Using insights from our slow cooling studies, we have developed methods for full variable temperature data collection at all temperatures between T=300 K and 100 K. We have used these methods to study structure evolution near the active site in the enzyme urease, and to understand them mechanisms of radiation damage to protein crystals.

Glass transition in thaumatin crystals revealed through temperature dependent radiation sensitivity measurements. M. Warkentin and R. E. Thorne, Acta Cryst. D 66, 1092-1100 (2010).

Dark progression reveals slow timescales for radiation damage between T=180 and 240 K. M. Warkentin, R. Badeau, J. Hopkins and R. E. Thorne, Acta Cryst. D 67, 792-803 (2011).

Spatial distribution of radiation damage to crystalline proteins at 25 to 300 K. M. Warkentin, R. Badeau, J. B. Hopkins and R. E. Thorne, Acta Cryst. D68, 1108-1117 (2012).

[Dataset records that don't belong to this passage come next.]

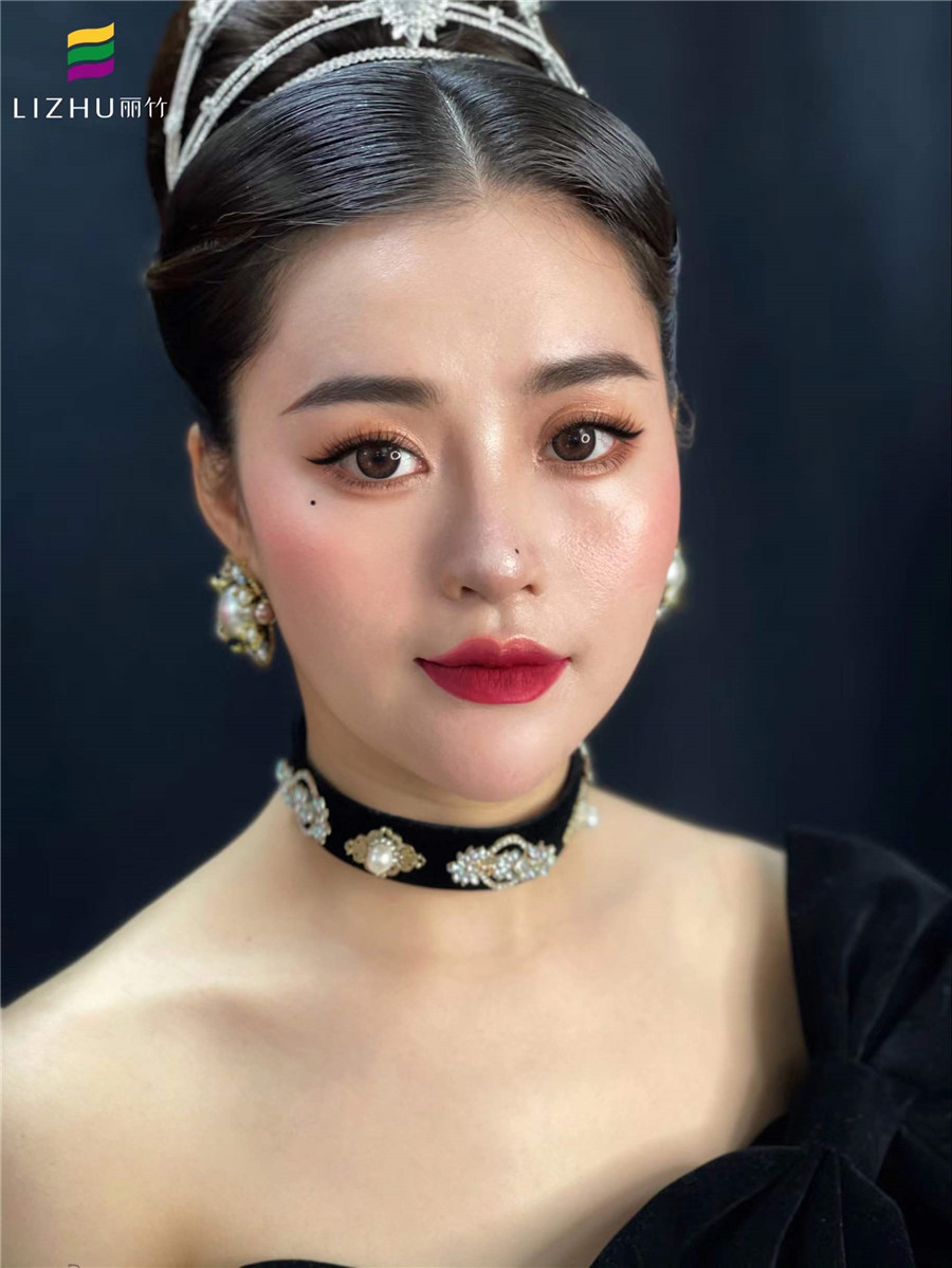 南寧網(wǎng)紅化妝培訓(xùn)作品:優(yōu)雅大方的造型,結(jié)合鉆石復(fù)古發(fā)型,溫柔眉眼帶來(lái)的柔美感覺(jué),即使身穿高冷的黑禮服,也讓人心生愛(ài)戀。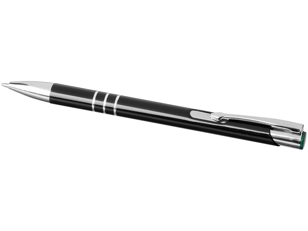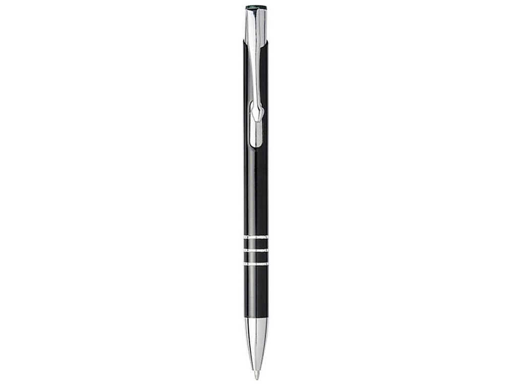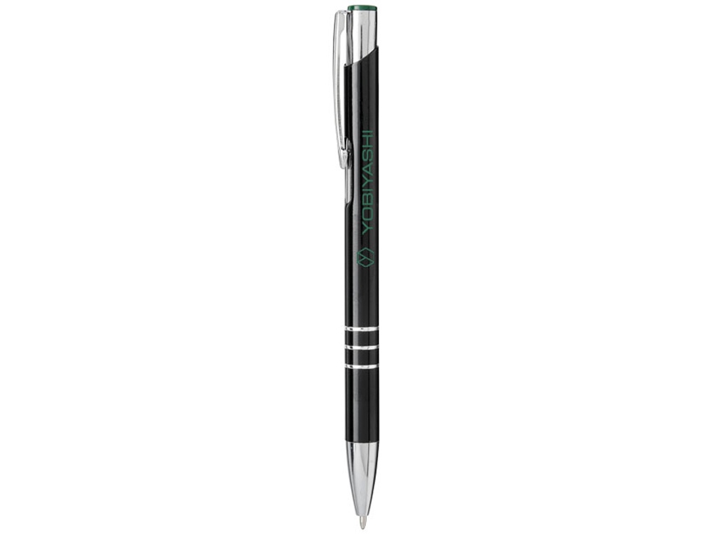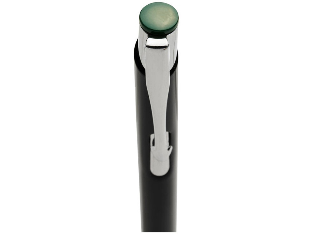 Черная шариковая ручка с кнопочным механизмом. Цвет кнопки совпадает с цветом гравировки.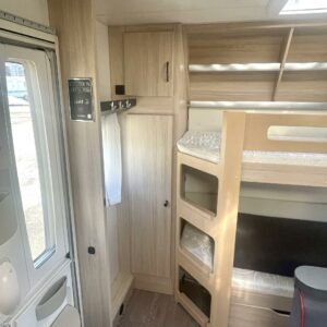 Solpanel, Kylskåp, Kassettoalett, Kassettgardiner, Taklucka, Våningssäng, Spis, Varmvattenberedare, Markis, Frysfack, Parsäng, Tvättho, Cykelställ, Trumatic, Stödben, kaasun ulosotto, Tupla-akut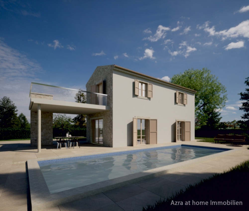 V bližini Višnjana, približno 2 kilometra od centra te slikovite vasice in le 10 kilometrov od morja, se nahaja ta sodobna hiša, ki se popolnoma ujema s tradicionalno istrsko arhitekturo in je trenutno v fazi gradnje. Neto površina hiše znaša 143,17 m2, bruto površina pa 154,55 m2. Hiša se razprostira na treh nadstropjih. V kleti s površino 29,22 m2 se nahaja prostor za sprostitev, kopalnica, strojnica in stopnišče, ki vodi do pritličja hiše. V pritličju s površino 53,76 m2 (bruto 63,43 m2) se nahaja vhod, prostorna kuhinja z dnevnim prostorom in jedilnico. Prvo nadstropje ima 60,19 m2 neto površine (bruto površina 61,90 m2) in vključuje stopnišče, hodnik ter dve spalnici, vsaka s svojo lastno kopalnico. Ena od teh spalnic ima svojo lastno teraso. Hiša je postavljena na parceli veliki 568 m2. V dvorišču se nahaja bazen s površino 35 m2. Nahaja se v mirnem okolju. Ta nepremičnina predstavlja idealno priložnost za tiste, ki iščejo združitev tradicije z luksuznimi elementi.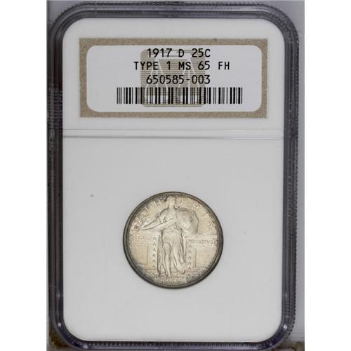 <B>1917-D<25C> Type One MS65 Full Head NGC.</B></I> This Denver Mint Gem provides dynamic cartwheel luster and a pinpoint-sharp strike. The preservation is exemplary, and the borders exhibit attractive russet and aqua toning.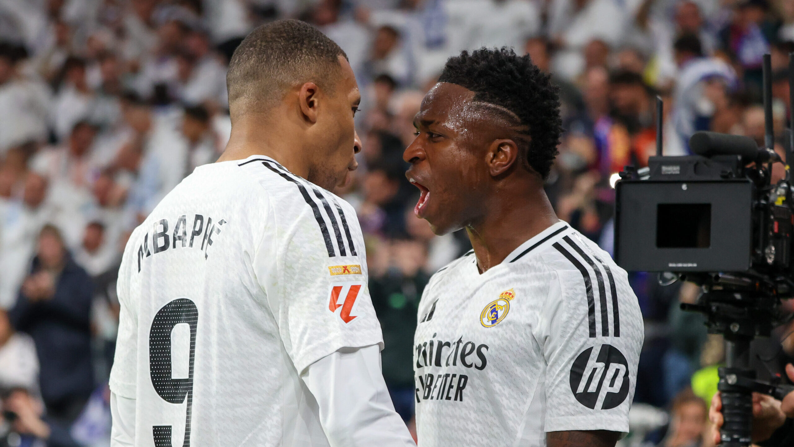 Kylian Mbappe (L) and Vinicius Jr (R) celebrate a goal, later disallowed, during the Liga match between Real Madrid and FC Barcelona at the Santiago Bernabeu Stadium. Real Madrid had a score of 0 goals a 4 against FC Barcelona at the Estadio Santiago Bernabeu in a new year in the LA Spanish Football League. (Photo by David Canales / SOPA Images/Sipa USA)

In serial crystallography at X-ray free-electron laser (XFEL) sources, a single frame of diffraction data is collected from each of an enormous number of small crystals, and then these frames are merged to yield a complete data set sufficient for biomolecular structure determination. Methods, hardware, and software have evolved rapidly in the last decade. However, XFEL-based approaches are only suitable for proteins that can be be produced in large quantities and that form suitably monodisperse crystals. Serial crystallography at synchrotron sources can be orders of magnitude more sample efficient, and can use diverse crystals generated in routine crystallization experiments. My company, working with CHESS staff scientists and other Cornell researchers, has been developing improved methods and tools for serial data collection at synchrotrons.

Integrated sample handling and mounting system for fixed-target serial synchrotron crystallography," G. Illava, R. Jayne, A. D. Finke, D. Closs, W. Zeng, S. K. Milano, Q. Huang, I. Kriksunov, P. Sidorenko, F. W. Wise, W. R. Zipfel, B. A. Apker, and R. E. Thorne. Acta Cryst. D 77, 628-644 (2021).